Matrix \({\varvec{G}}\):

$$\begin{aligned} {{\varvec{G}}} = \left[ \begin{array}{ c } { 0 } \\ { 0 } \\ { 0 } \\ {\left( \dfrac{ 1 }{ 2 } l _ { 1 } m _ { 1 } + l _ { 1 } m _ { 3 } - \dfrac{ 1 }{ 2 } l _ { 3 } m _ { 3 } + l _ { 1 } m _ { 4 }\right) g \cos \theta _ { 1 } } \\ { - \left( \dfrac{ 1 }{ 2 } l _ { 2 } m _ { 2 } + l _ { 4 } m _ { 3 } + \dfrac{ 1 }{ 2 } l _ { 4 } m _ { 4 }\right) g \sin \theta _ { 2 } } \end{array} \right] , \end{aligned}$$
(46)

1.2 7.2 For equation (14), i.e., \({{\varvec{M}}\ddot{{\varvec{q}}}+{{\varvec{C}}}\dot{{\varvec{q}}}+{{\varvec{G}}}}+{\varvec{d}}(t)=\varvec{Bu}\)

Matrix \({\varvec{B}}\):

$$\begin{aligned} \varvec{ B } = \left[ \begin{array}{ c c } { \dfrac{ n k _ { t } }{ r R _ { a } } {{\varvec{B}}} _ { 0 } } &{} { {\mathbf {0}} _ { 3 \times 2 } } \\ { {\varvec{0}} _ { 2 \times 3 } } &{} { \dfrac{ nk _ {t} }{ R _ { a } } {{\varvec{I}}} _ { 2 \times 2 } } \end{array} \right] \end{aligned}$$
(47)

where:

$$\begin{aligned} \begin{aligned} {{\varvec{B}} } _ { 0 } = \left[ \begin{array}{ c c c } { - \sin \varphi } &{} { - \dfrac{ \sqrt{ 3 } }{ 2 } \cos \varphi + \dfrac{ 1 }{ 2 } \sin \varphi } &{} { \dfrac{ \sqrt{ 3 } }{ 2 } \cos \varphi + \dfrac{ 1 }{ 2 } \sin \varphi } \\ { \cos \varphi } &{} { - \dfrac{ \sqrt{ 3 } }{ 2 } \sin \varphi - \dfrac{ 1 }{ 2 } \cos \varphi } &{} { \dfrac{ \sqrt{ 3 } }{ 2 } \sin \varphi - \dfrac{ 1 }{ 2 } \cos \varphi } \\ { L _ { 0 } } &{} { L _ { 0 } } &{} { L _ { 0 } }\end{array} \right] . \end{aligned} \end{aligned}$$

The relationship between the input voltage \(u_i\) and the motor output torque \(T_i\) is shown as follows:

$$\begin{aligned} \frac{k_t}{R_a}u_i=\left\{ \begin{array}{ll} I_{md}\cdot {w}_i+\left( b_{0d}+\dfrac{k_t k_b}{R_a}\right) w_i+\dfrac{r}{n}T_i,&{} i=1,2,3\\ I_{mu}\cdot {w}_i+\left( b_{0u}+\dfrac{k_t k_b}{R_a}\right) w_i+\dfrac{T_i}{n},&{} i=4,5 \end{array} \right. \end{aligned}$$

where \(w_i\) represents the output angular velocity of the motor.

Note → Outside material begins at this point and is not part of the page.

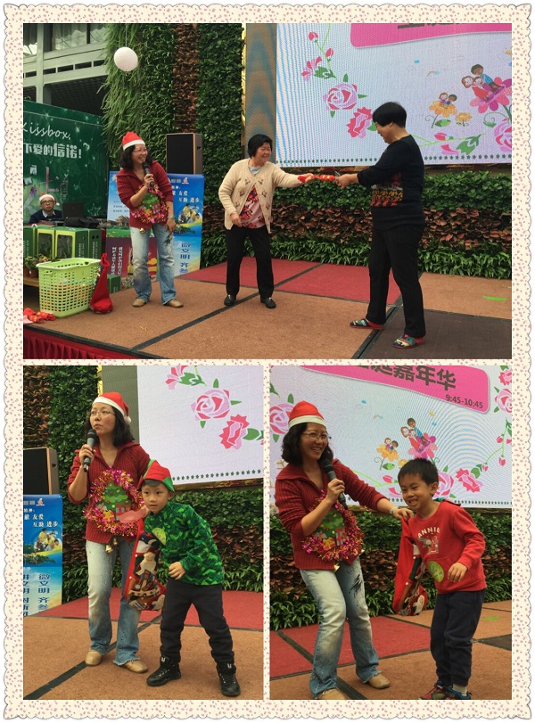 接着宝贝们来到舞台中间,伴随着美妙的音乐,大家齐唱The Twelve Day of Christmas,齐跳《低碳贝贝》,载歌载舞将活动推向高潮。此时外籍教师Ms Jane 拿出提前准备的Christmas Crackers并邀请家长们参与游戏,在宝贝们的欢呼下,游戏开始了。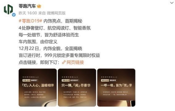 12月19日,零跑汽车旗下全新旗舰车型零跑D19的内饰设计首次曝光,引起了业内与消费者的广泛关注。作为零跑D平台打造的首款车型,零跑D19自10月16日首发亮相以来,就一直备受瞩目。11月1日,零跑D19开启了盲订模式,用户可支付999元意向金确认预订,并享有优先排产和加速交付的权益。官方表示,新车的内饰设计将在12月22日正式发布,而上市时间预计在2026年上半年,售价或在30万元左右。此次内饰曝光不仅展示了零跑D19的豪华质感,也体现了零跑汽车在旗舰SUV市场的布局与设计理念。

The relationship between the generalized torque \({\varvec{\tau }}\) and the motor output torque \({\varvec{T}}=[T_1,T_2,T_3,T_4,T_5]^T\) is:

$$\begin{aligned} {\varvec{\tau }}= \left[ \begin{array}{cc} {\varvec{B}}_0 &{} {\varvec{0}}_{3\times 2}\\ {\varvec{0}}_{2\times 3} &{} {\varvec{I}}_{2\times 2} \end{array} \right] {\varvec{T}}. \end{aligned}$$

Matrix \({\varvec{M}}\):

Define \({\varvec{B}}_{1}={{\varvec{B}}_0}^T.\) Then:

$$\begin{aligned} \varvec{M}=\left[ \begin{array}{cc}{{{\varvec{M}} } _ { 011 } + \dfrac{ n ^ { 2 } I _ { m d} }{ r ^ { 2 } } {{\varvec{B}} } _ { 0 } {{\varvec{B}}}_{1} } &{} { {{\varvec{M}} } _ { 012 } } \\ { {{\varvec{M}} } _ { 021 } } &{} { {{\varvec{M}} } _ { 022 } + n ^ { 2 } I _ { m u} {{\varvec{I}} } _ { 2\times 2 } } \end{array} \right] \end{aligned}$$
(48)

Matrix \({\varvec{C}}\) and \({\varvec{G}}\):

$$\begin{aligned} \varvec{C}=\left[ \begin{array}{cc} {{\varvec{C}}}_{11}&{} {{\varvec{C}}}_{12}\\ {{\varvec{C}}}_{21}&{}{{\varvec{C}}}_{22} \end{array}\right] , \end{aligned}$$
(49)
$$\begin{aligned} \begin{aligned} {{\varvec{C}}}_{11}=&{{\varvec{C}}}_{011}+\dfrac{n^{2}I_{md}}{r^2}{{\varvec{B}}_0}{\dot{{\varvec{B}}}_{1}}+\dfrac{n^2}{r^2}\left( b_{0d}+\dfrac{k_t k_b}{R_a}\right) {\varvec{B}}_{0} {\varvec{B}}_{1},\\ {\varvec{C}}_{12}=&{\varvec{C}}_{012},\\ {\varvec{C}}_{21}=&{\varvec{C}}_{021},\\ {{\varvec{C}}}_{22}=&{{\varvec{C}}}_{022}+n^2(b_{0u}+\frac{k_t k_b}{R_a}){\varvec{I}}_{2\times 2}.\\ \end{aligned} \end{aligned}$$

\({\varvec{G}}\) is shown in Eq. (46).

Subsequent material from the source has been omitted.